Electrolytes [PO43−, Ca2+, K+, Na+, Cl, Mg2+, and Fe2+], enzymes [lactate dehydrogenase (LDH), creatine kinase (CK), amylase (AMS)], lipid profile [triglyceride (TG), total cholesterol (TC), low-density lipoprotein cholesterol (LDL-c), high-density lipoprotein cholesterol (HDL-c)], liver function parameters [total bile acid (TBA), indirect bilirubin (I-BILI), direct bilirubin (D-BILI), total bilirubin (T-BILI), gamma-glutamyl transferase (GGT), alkaline phosphatase (ALP), aspartate amino transferase (AST), alanine amino transferase (ALT)], and other biochemical parameters such as creatinine (Cr), uric acid (UA), carbon dioxide (CO2), blood urea nitrogen (BUN), glucose (GLU), globulin (GLB), Albumin (ALB), and total protein (TP) were measured using the automated clinical chemistry analyzer (Beckman-Coulter, AU5400, Porto, Portugal).

Statistical Analysis

Based on sampling methodology and for the analysis, animals were considered to have been randomly selected during each collection period, and no animal was sampled more than once. All statistical analyses were performed using STATA (version 14, StataCorp LP, College Station, TX, United States). Briefly, outliers were identified as values greater than 3 SD above the mean for each stratified age by sex group. Total removed outliers for each variable were less than 0.61% (±0.003%). The equalities of sampling frequency between potential groups (age, group, and sex) were evaluated using Fisher’s exact test.

Reference Interval Calculations

Prior to calculations of reference intervals, the need to separate data into groups based on age and sex was evaluated as described by Schwacke et al. (2009). Briefly, pairwise intergroup distribution differences were determined between each age group (adult vs. juvenile), AMs vs. females and pregnant and NP females as follows. First, the pairwise intergroup distribution differences at the 2.5 and 97.5 percentiles were determined using the bootstrapped resampling technique (1,000 reps), and then the resultant 95% confidence interval (CI) of the distribution difference between groups was considered significant if it did not include zero. The t-test statistic was used to provide the estimated probabilities for this difference. Analytes which needed to be partitioned by sex, age group, and pregnancy were then established based in part on whether or not differences existed between the comparisons.

Once the need to partition the data by sex, age group, or pregnancy was established, the reference intervals were calculated based on the recommendations from the Clinical and Laboratory Standards Institute (Clinical and Laboratory Standards Institute [CLSI], 2008) using a non-parametric bootstrap-based procedure (Linnet, 2000; International Aids Vaccine Initiative, 2008). Using bootstrap resampling techniques (1,000 reps), the mean 2.5 and 97.5 percentiles from 1,000 resampling replicates of each group were determined along with the 90% bootstrapped CIs for each mean, respectively. As recommended by Linnet (2000), bootstrapped 90% CIs could only be determined for groups with samples from a minimum of 40 individuals. For analytes that had values which represented less than 40 individuals, only the range of these values was reported (Linnet, 2000; Schwacke et al., 2009).

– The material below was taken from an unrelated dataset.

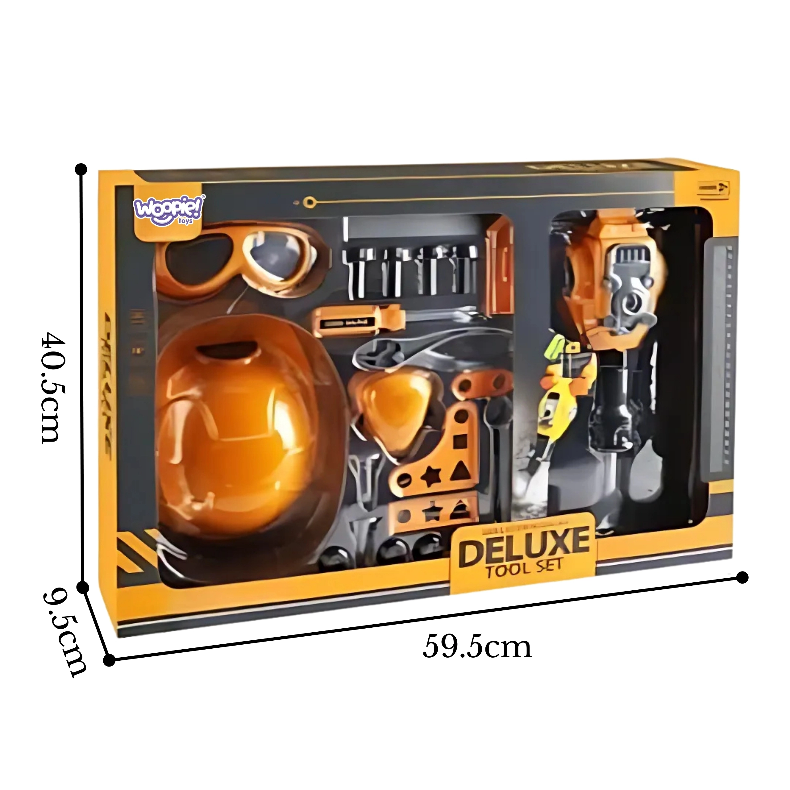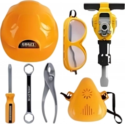 Ce riche ensemble d’outils pour enfants est pensé pour de jeunes constructeurs dès 3 ans. L’accent mis sur la sécurité et l’authenticité est assuré par le casque, les lunettes de protection et le masque, tandis que le marteau-piqueur pneumatique à piles apporte des effets réalistes amusants inspirés d’outils réels. Les pièces lisses en ABS sont durables, légères et tiennent bien dans les petites mains.
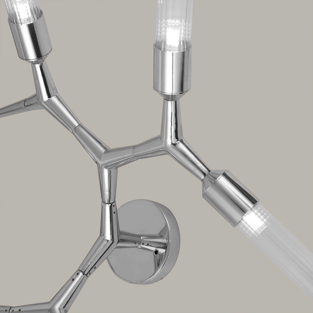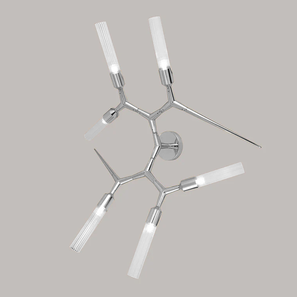 Iron made wall sconce in plated polished nickel finished with transparent ripple glass shades / Adjustable angle

Since analyte values were combined from two different locations, it was necessary to determine if this combination of data from both locations resulted in intervals which were not representative of values from both locations. We used the method described by Schwacke et al. (2009) for this determination. Briefly, the number of samples from each location that were outside the 2.5 and 97.5% reference was determined. This proportion (total outside upper or lower percentile/total samples collected from group) was then compared to the maximum predicted probability (0.025) that that sample would fall outside either the upper or lower value using a binomial probability test.

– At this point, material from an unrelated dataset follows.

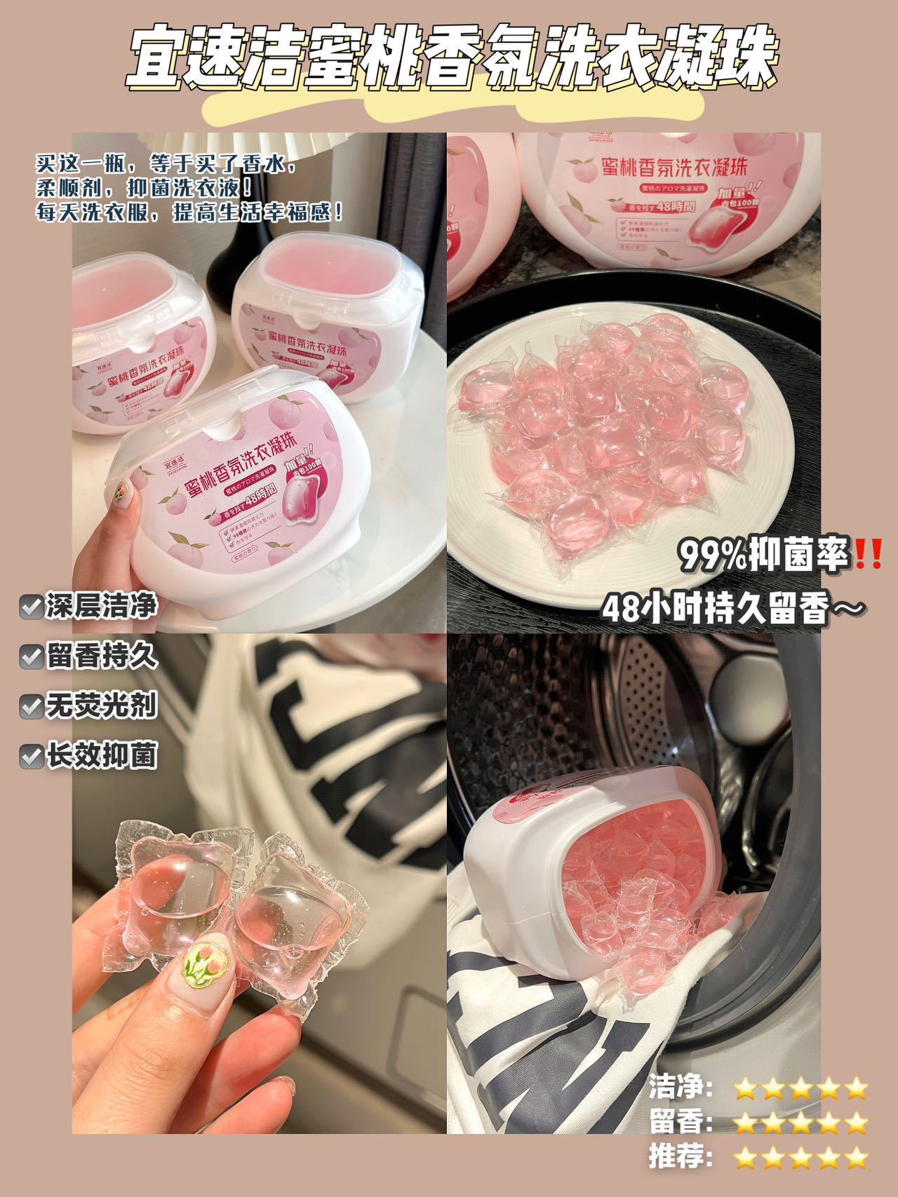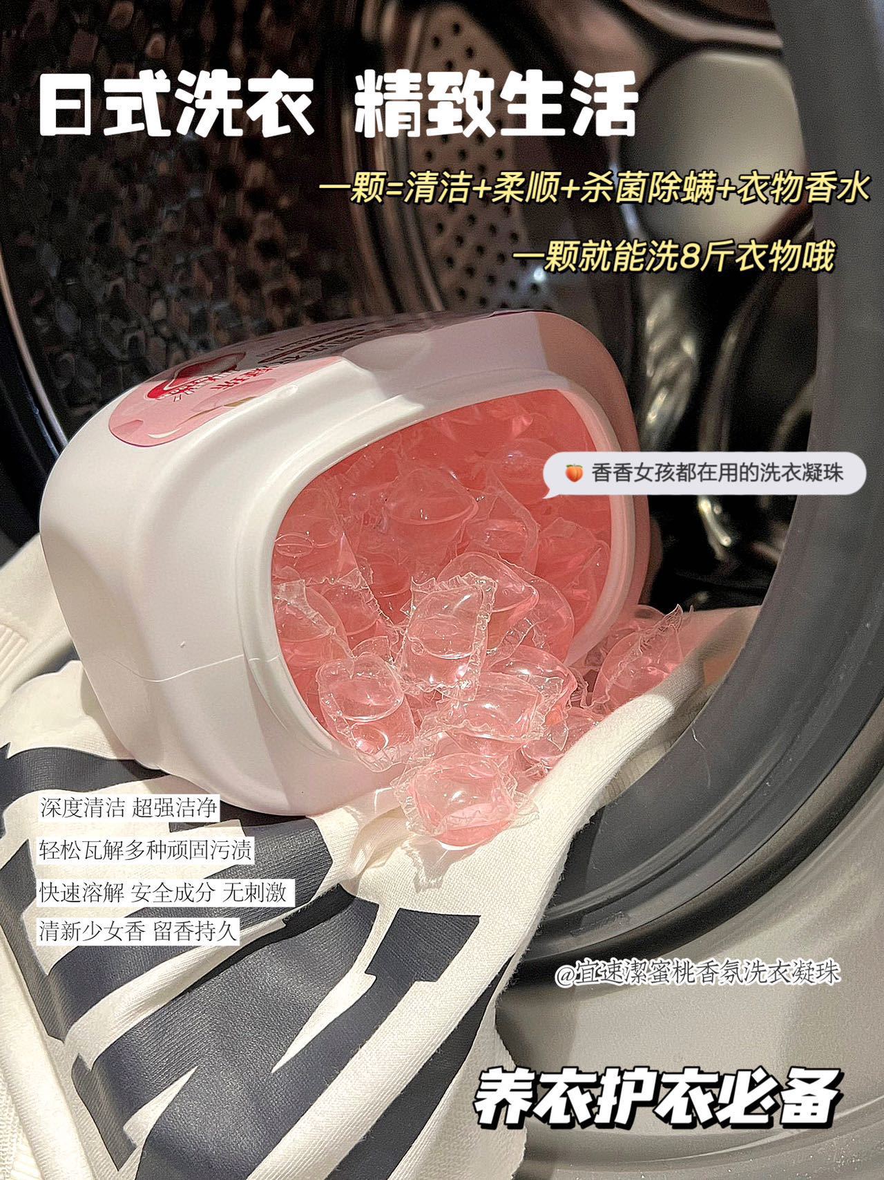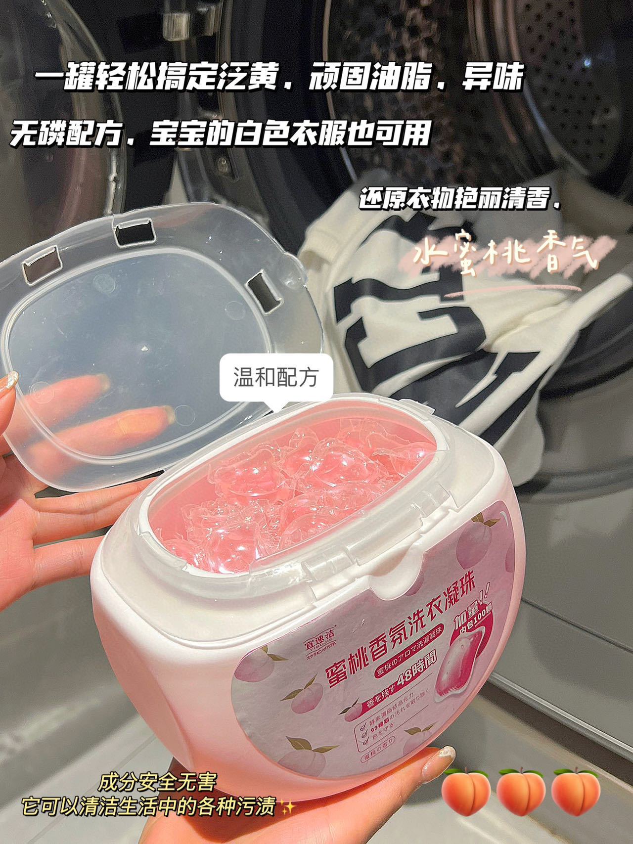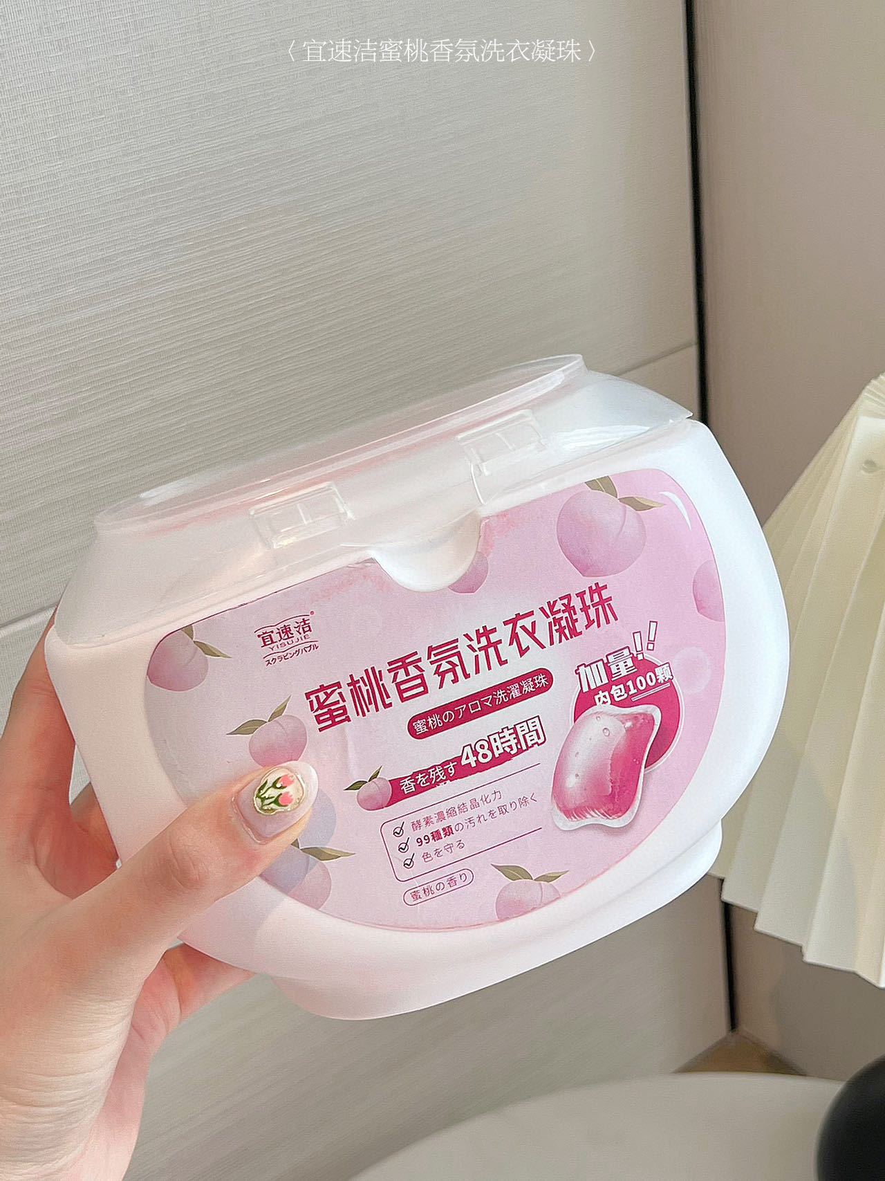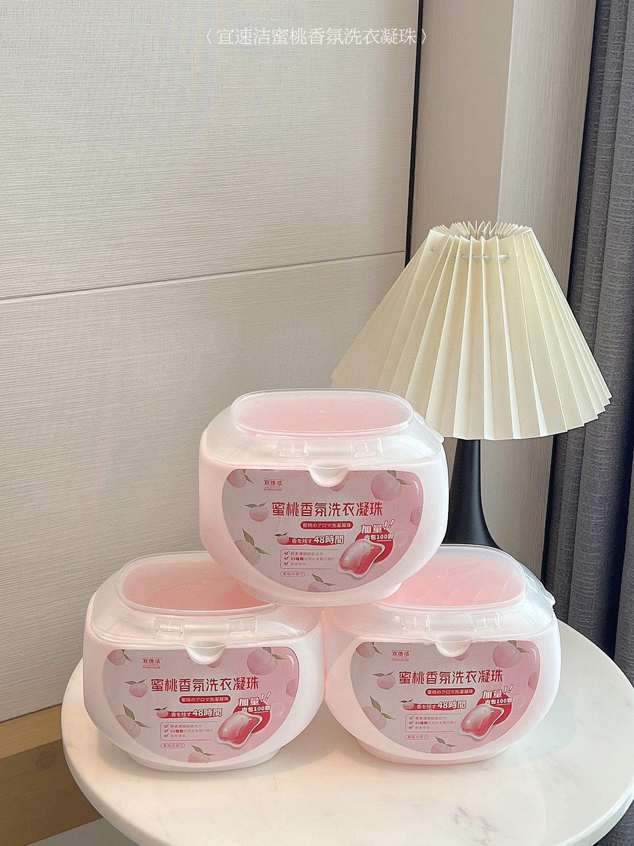 Cápsulas de Detergente para Ropa con Aroma a Durazno, una Caja de 100, Fragancia Duradera, Limpieza Profunda, Suavizante y Quitamanchas 2 en 1

Effect of Location on Hematology Data

While differences in mean biochemistry data between locations have been recently reported (Nabi et al., 2018b), no such comparisons have been made for hematology data. For this analysis, hematological analytes were compared between locations using a restricted maximum likelihood (REML) mixed model with maturity (juvenile vs. adults) set as the random variable. By setting the age group as the random variable, we were able to determine if analyte clustering around the two age groups provided significant variance to the overall model (West et al., 2015). We chose to assume that clustering around age group had a significant effect due to previous multiple reports that age group provides a significant influence on the analyte values in other species (Venn-Watson et al., 2007; Schwacke et al., 2009; Norman et al., 2013; Nollens et al., 2019) and for biochemical values in YFP (Nabi et al., 2018b). In addition, since we were only interested in determining if age group had a significant effect on the means and not in producing predicted values for age group (while controlling for location and sex), this approach appeared most efficient. The statistical software (STATA) utilized automatically calculates the likelihood ratio test for the full model (which includes the random variable age group) versus a simple linear regression without the random variable. This provides evidence that the clustering of data around the means of each age group is significant (P < 0.05). In addition to the fixed variable location, we added sex (0 = female and 1 = male) and season (winter: December to February, spring: March to May, summer: June to August, fall: September to November) as covariates. All final mixed models were checked for normality using quantile plots of the standard residuals. If quantile–quantile (qnorm) plots of standardized residuals exhibited non-normal distribution, then data were transformed as predicted by the Shapiro–Wilk test until residuals were normalized. Finally, pairwise comparisons of the marginal means between and within fixed variables were made while applying the Sidak correction factor. Unless specified, data in tables and figures are presented as mean ± SEM and 95% CIs, and significance was set at P ≤ 0.05.

Results

A combined maximum of 188 samples were collected from finless porpoise (FP) located at either PL or TZO from 2009 to 2017 and from 2002 to 2015, respectively. Sampling frequencies from each potential class are listed in Table 1. Within hematology data, Fisher’s exact test indicated that when data were combined across both locations, no differences were detected in sample distribution between age group (adults and juvenile) and sex (P = 1.0) or between age group and location (P = 0.06). However, significant differences were detected in numbers of AMs and females sampled between locations (P = 0.017). This difference did not exist (P = 0.17) when samples collected from only adult NP females and AM were compared between locations were examined. For serum chemistry data, overall, no differences in frequency of sampling of adults and juvenile across each sex was detected (P = 0.727). However, when pregnant females were excluded, the distribution was different (P < 0.001). Finally, no differences were detected in the frequency of AM and all AFs (P = 0.07) or AMs and NP females (P = 0.134) across locations (Table 1). However, since all but four females were pregnant in the biochemical data and pregnancy is a known influencer on biochemical analytes across species, and due to the small sample size from females (total sample size from all females being less than 40), we chose to partition data from NP and pregnant animals and report the range of analyte values as a starting point for future analyses. In addition, since the sampling frequency of pregnant females across locations was significantly different (P = 0.011), comparisons of analytes were only made with results combined across both locations between AM and pregnant females.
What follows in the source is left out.